Но я также понимаю, что со смертью Королевы умерла часть меня.
Это все равно, как лишиться руки или ноги. Или глаза. Какое-то время не испытываешь ничего, кроме боли. Потом — приходит нежелание мириться с утратой. Потом тебя мучают боли фантомные. Потом по привычке пытаешься воспользоваться отсутствующим органом — но ощущаешь только пустоту.
Королева была больше, чем рука или глаз. Она была тем, что соединяет рой, и люди быстро догадались, как обезоружить монстра: они препарировали нам мозг.
И теперь часть мозга мертва. Нервные окончания еще посылают импульсы, но они уходят в пустоту. И пустота не отвечает. И это пугает куда больше, чем все воспоминания о пытках, о страхе и смерти — обо всем, от чего мы ушли и к чему не собираемся возвращаться снова. Но пустота коварна. Она может ждать очень долго, так долго, пока не потеряешь бдительность. Пока не кончатся таблетки — белые, и голубые, и красные. Пока тоска не станет такой мучительной, а тьма такой беспросветной, что устаешь бороться и сдаешься.
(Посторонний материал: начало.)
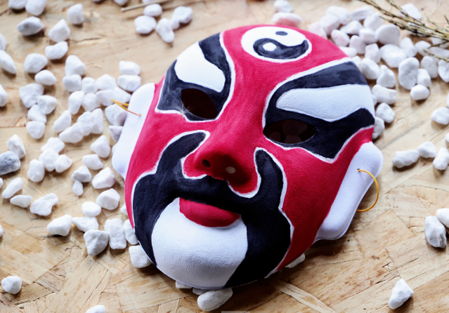 脸谱,是中国传统戏曲演员脸上的绘画,用于舞台演出时的化妆造型艺术,它的产生有着悠久的历史。脸谱起源于面具,脸谱将图形直接画在脸上,而面具把图形画在或铸在别的东西上面后再戴在脸上。
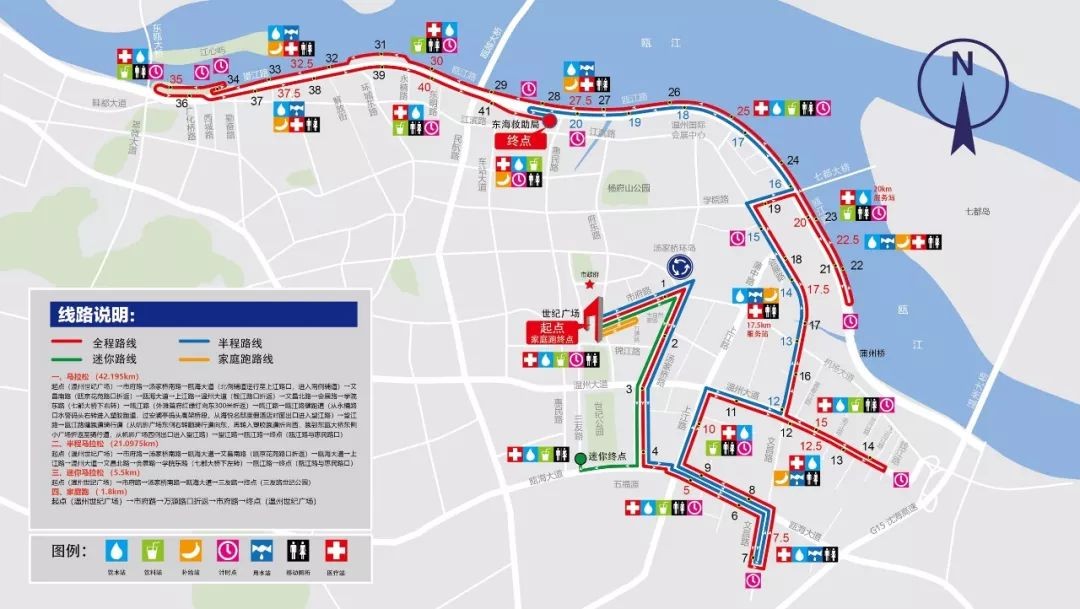 全程马拉松、半程马拉松、迷你马拉松和家庭跑的起点设置在世纪广场(市府路的府东路至府西路段),全程马拉松、半程马拉松的终点设置在惠民路(江滨路至瓯江路段),迷你马拉松终点设置在世纪公园中轴三友路(瓯海大道辅道至东垟路段),家庭跑终点设置在世纪广场(市府路的府东路至府西路段)。
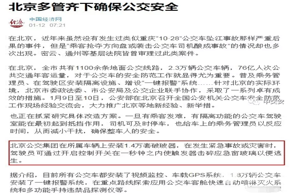 消息一出,全国各主要省市公交系统积极相应、及时作为,在完善原有安防措施的同时纷纷打出“人防+技防”组合拳,通过自动破玻器、灭火器、隔离门、安全员、报警系统等多种方式,尽可能保障公交行车安全。
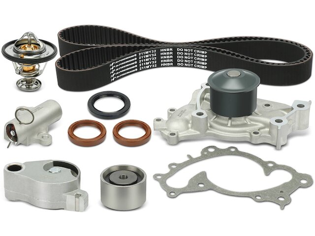 - Package Contents: 1x Timing Belt, 1x Timing Belt Tensioner, 1x Hydraulic Tensioner, 1x Timing Idler, 1x Water Pump with Gasket, 2x Camshaft Seals, 1x Crankshaft Seal, 1x Thermostat
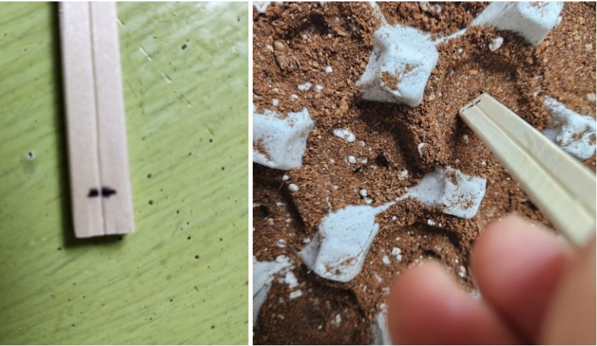 - 나무젓가락에 씨앗 구멍 사이즈를 표시하고 콕콕 배양토를 눌러 씨앗을 심을 구멍을 만듭니다.

И поворачиваешься к пустоте лицом, и заглядываешь в бездонные провалы ее глаз. Тогда она заглядывает в твои…
Возможно, Пол подошел слишком близко к запретной кромке. И перешагнул ее, ища покоя измученной душе.
— Нет, — говорит Расс, и в его голосе слышится категоричность. — Это слишком простой выход.
Я лишь усмехаюсь снисходительно: что и требуется доказать. Комендант — не преторианец.
Он разливает по стаканам бесцветную, остро пахнущую жидкость. Из закуски — только горсть конфет.
— Помянем Пола!
И опрокидывает содержимое своего стакана в глотку.
Я пью тоже. Морщусь. Местная водка довольно крепкая, но совсем не то, что мы привыкли распивать в Ульях — настой на еловой хвое, высушенной траве илас и сильно разбавленном яде Королевы. Если добавить яда в чуть более плотной концентрации — этот напиток попросту сожжет всю слизистую.
— Я звонил в морг, — приглушенным голосом говорит Расс. — Ты знал, что его уже похоронили?
Жар, возникший в горле, опускается вниз и достает теперь до сердца. И оно вспыхивает и начинает биться тревожнее и быстрее обычного.
«У вас внутри огонь», — вспоминаю слова доктора с непроизносимым именем.
Я неосознанным жестом прижимаю кулак к груди. Качаю головой, без слов отвечая на вопрос Расса.
Не знал. Откуда?
— Да, — продолжает комендант. — Сказали, не было нужды сообщать. Родных у Пола нет. Имущества тоже. Думаешь, он бы покончил с собой, зная, что его зароют, как дворнягу?
— Мертвым все равно, — равнодушно отзываюсь я.
И смотрю в угол комнаты. Там, у изголовья кровати, ворочается и вздыхает тьма. Чем она гуще — тем легче спрятаться обитающим во тьме чудовищам. В темном углу слышится легкий шорох — просто мыши скребутся в поисках крошек. Но брать у Расса нечего: его комната — всего лишь обустроенный подвал, в котором раньше хранили дворницкие принадлежности и всякий ненужный хлам. А теперь половину помещения занимает железная кровать, другую половину — стол. И всю комнатушку можно преодолеть в два шага. Не хочу сказать, что в Ульях мы были избалованы комфортом — офицерские кельи всегда отличались крайним аскетизмом. Не говоря уже о солдатских казармах. Но все-таки я считаю, что в новой жизни комендант приграничья заслуживает лучших условий, чем прозябание в подвале.
— Я хотел бы осмотреть квартиру Пола, — говорю я.
Некоторое время Расс думает, жует конфету. Лоб собирается в морщины — признак напряженной мыслительной работы.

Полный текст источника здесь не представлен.